---- Data for this task

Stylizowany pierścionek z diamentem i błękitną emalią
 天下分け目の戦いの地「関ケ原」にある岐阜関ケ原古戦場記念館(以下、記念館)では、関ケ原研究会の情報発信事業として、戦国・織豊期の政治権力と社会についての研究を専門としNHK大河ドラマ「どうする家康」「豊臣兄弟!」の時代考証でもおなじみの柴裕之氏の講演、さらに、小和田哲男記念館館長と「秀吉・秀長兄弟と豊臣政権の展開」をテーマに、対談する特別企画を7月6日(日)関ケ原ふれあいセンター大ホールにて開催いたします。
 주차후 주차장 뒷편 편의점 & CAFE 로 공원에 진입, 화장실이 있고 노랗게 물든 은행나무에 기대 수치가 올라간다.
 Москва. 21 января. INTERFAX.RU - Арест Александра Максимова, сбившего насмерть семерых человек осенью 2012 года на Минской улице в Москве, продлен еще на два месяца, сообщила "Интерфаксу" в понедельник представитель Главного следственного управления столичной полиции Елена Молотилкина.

--------
---- Data for this task

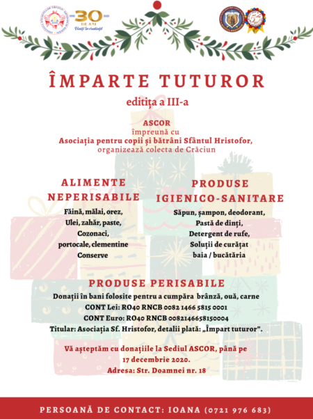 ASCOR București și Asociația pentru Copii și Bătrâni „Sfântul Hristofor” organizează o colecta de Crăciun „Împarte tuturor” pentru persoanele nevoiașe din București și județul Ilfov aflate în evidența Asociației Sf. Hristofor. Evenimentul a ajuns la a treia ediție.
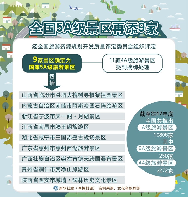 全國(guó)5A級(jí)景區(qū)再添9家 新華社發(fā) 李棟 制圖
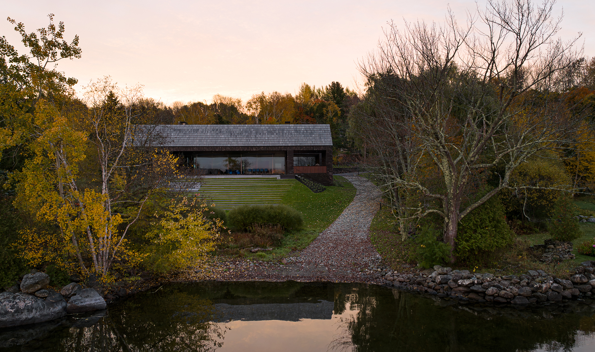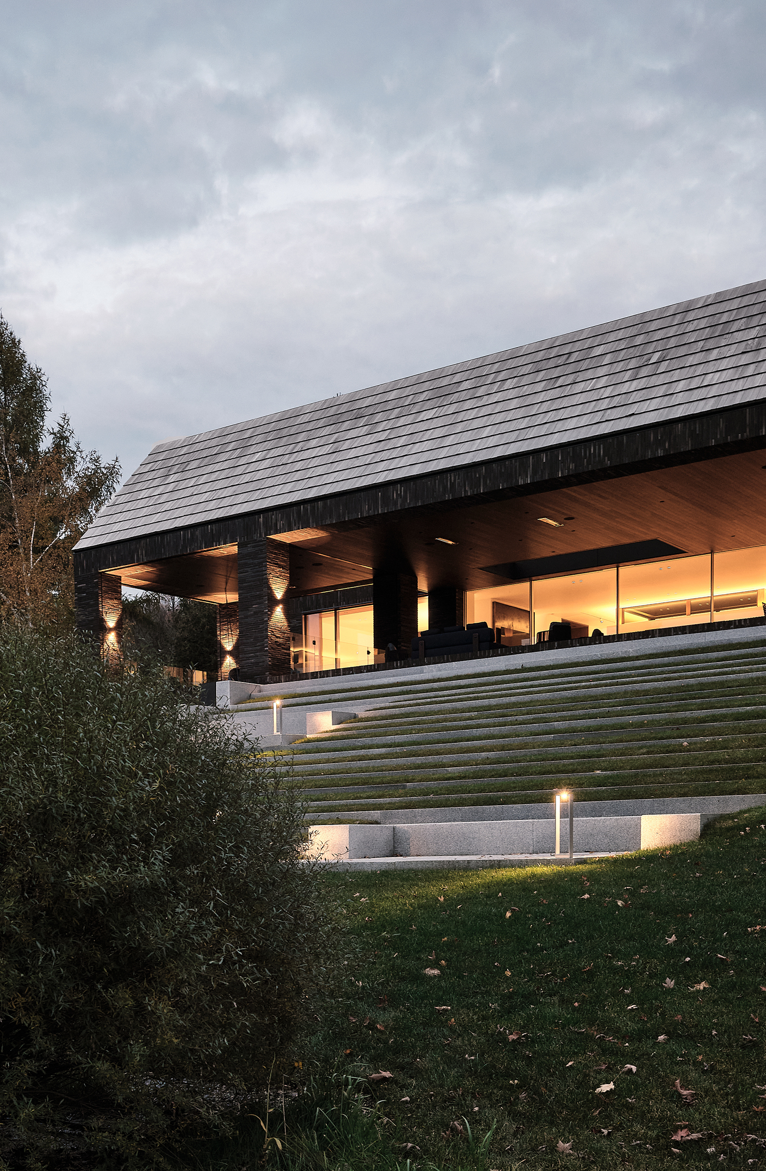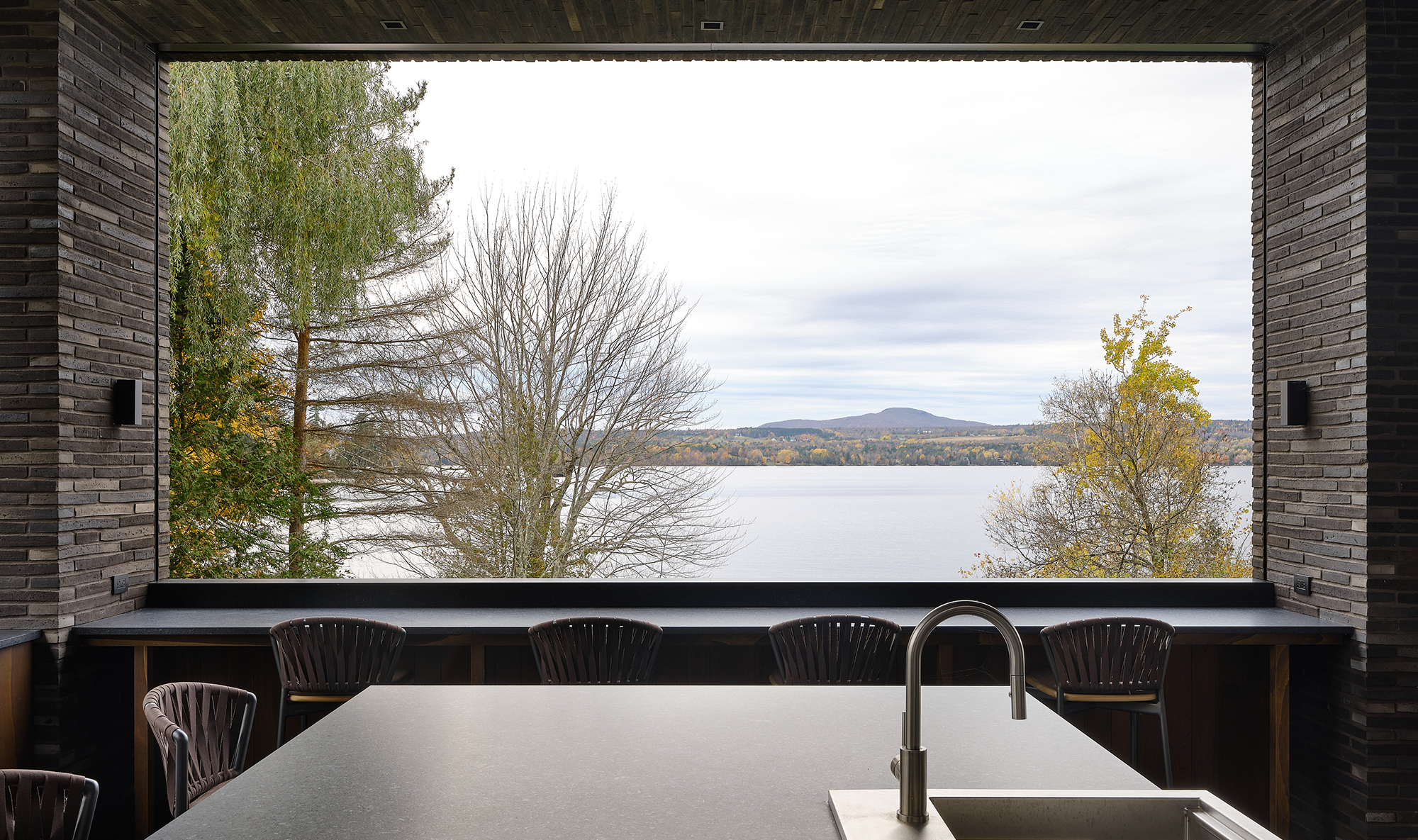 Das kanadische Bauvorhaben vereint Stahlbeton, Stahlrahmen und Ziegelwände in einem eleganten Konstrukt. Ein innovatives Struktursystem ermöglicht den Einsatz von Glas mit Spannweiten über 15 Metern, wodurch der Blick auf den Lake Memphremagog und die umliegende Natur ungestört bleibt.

--------

Task to complete. Starting at the line above with "ASCOR București și", output every line exactly up to and including the line with "Das kanadische Bauvorhaben", but none of the pictures.

Your solution.
 ASCOR București și Asociația pentru Copii și Bătrâni „Sfântul Hristofor” organizează o colecta de Crăciun „Împarte tuturor” pentru persoanele nevoiașe din București și județul Ilfov aflate în evidența Asociației Sf. Hristofor. Evenimentul a ajuns la a treia ediție.
 全國(guó)5A級(jí)景區(qū)再添9家 新華社發(fā) 李棟 制圖
 Das kanadische Bauvorhaben vereint Stahlbeton, Stahlrahmen und Ziegelwände in einem eleganten Konstrukt. Ein innovatives Struktursystem ermöglicht den Einsatz von Glas mit Spannweiten über 15 Metern, wodurch der Blick auf den Lake Memphremagog und die umliegende Natur ungestört bleibt.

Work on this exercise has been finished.